Adrien Maurice Victurnien Mathieu de Noailles, 8th Duke of Noailles (22 September 1869 – 23 October 1953), was a French aristocrat and Olympian.

==Early life==
He was the eldest son of Jules Charles Victurnien de Noailles, 7th Duke of Noailles, and Clotilde Caroline Antoinette de La Ferté-Meun Molé de Champlâtreux. Among his younger brothers was Count Mathieu Fernand Frédéric Pascal de Noailles, who married the writer Princess Anna Elisabeth Bibesco-Bassaraba de Brancovan (a daughter of Prince Grégoire Bibesco-Bassaraba).

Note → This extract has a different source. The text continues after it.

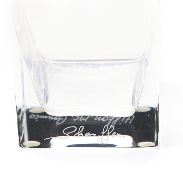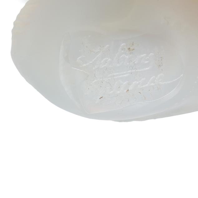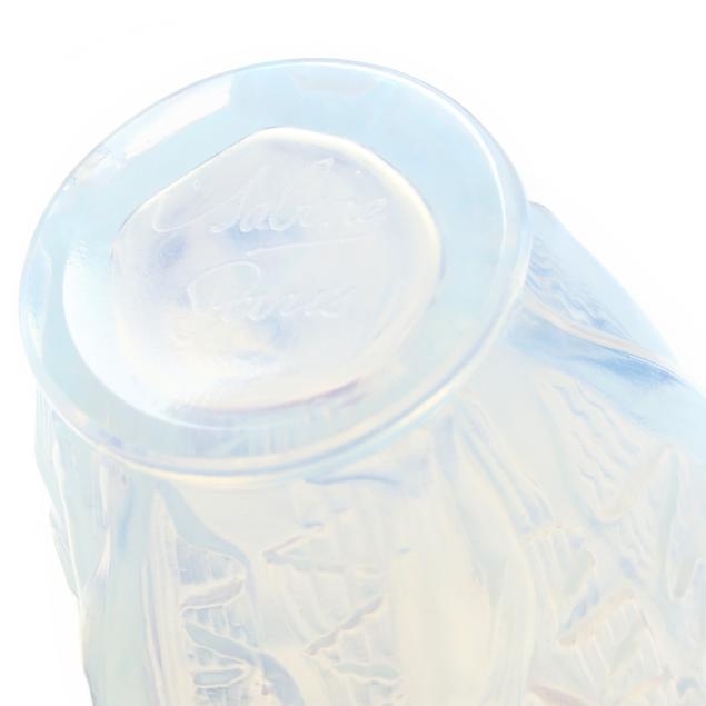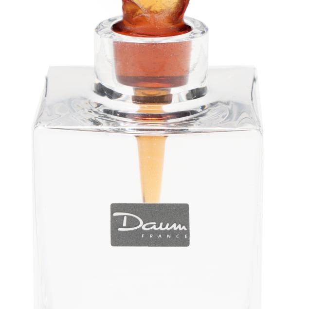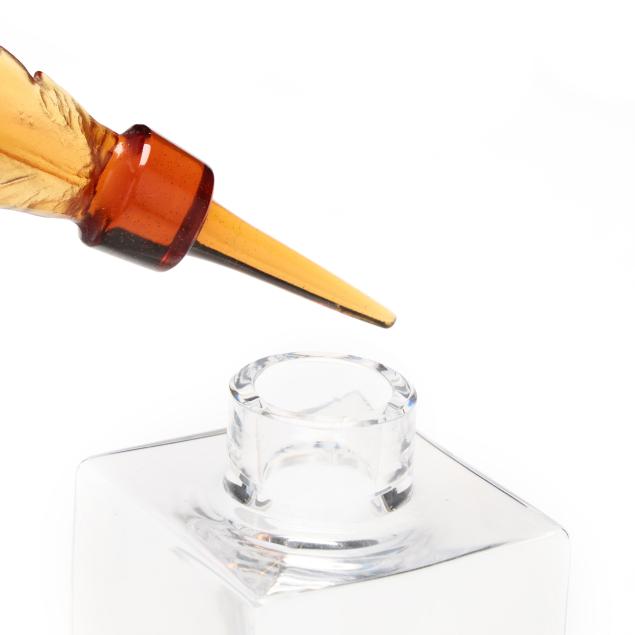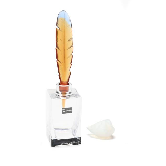From the Estate of the late Lynette G. Totten, Butner, North Carolina Fleabites to two corners at base of Moser bottle, some scattered scuffs to underside; small chip and hairline to feather stopper of Daum bottle; fleabites to beak and right wing of Sabino bird.

His paternal grandparents were Paul de Noailles, 6th Duke of Noailles (who succeeded his grand-uncle Jean de Noailles, 5th Duke of Noailles, as Duke of Noailles in 1824), and Alice de Rochechouart-Mortemart (a daughter of Victurnien de Rochechouart, 8th Duke of Mortemart). His maternal grandparents were Count Hubert de La Ferté-Meun and Elisabeth Françoise Molé de Champlâtreux.

==Career==
Upon on his father's death in 1895, he succeeded to the dukedom of Noailles, and inherited his father's estate, including the Château de Maintenon in the Eure-et-Loir département of France (best known today as the private residence of Louis XIV's second wife, Madame de Maintenon).

===Olympic career===
A noted equestrian, the Duke competed in the mail coach event at the 1900 Summer Olympics, one of five equestrian competitions held in late May and early June 1900 at the International Horse Show in Paris. The event was part of the Exposition Universelle, and later classified as part of the 1900 Summer Olympics.

==Personal life==
On 5 December 1892, he married Yolande Louise Marie Valentine d'Albert de Luynes (1870–1952), a daughter of Charles Honoré Emmanuel d'Albert de Luynes, 9th Duke of Luynes, and Yolande Françoise Marie Julienne de La Rochefoucauld (a daughter of Sosthène II de La Rochefoucauld, 4th Duke of Doudeauville). Together, they were the parents of three children:

- Jean Maurice Paul Jules de Noailles (1893–1945), styled Duke of Ayen, a member of the French Resistance who was killed in the Bergen-Belsen concentration camp in April 1945.
- Yolande Marie Clothilde Charlotte (1896–1976)
- Élisabeth Pauline Sabine Marie (1898–1969), a tennis player who competed in the 1920 Summer Olympics, winning a bronze medal.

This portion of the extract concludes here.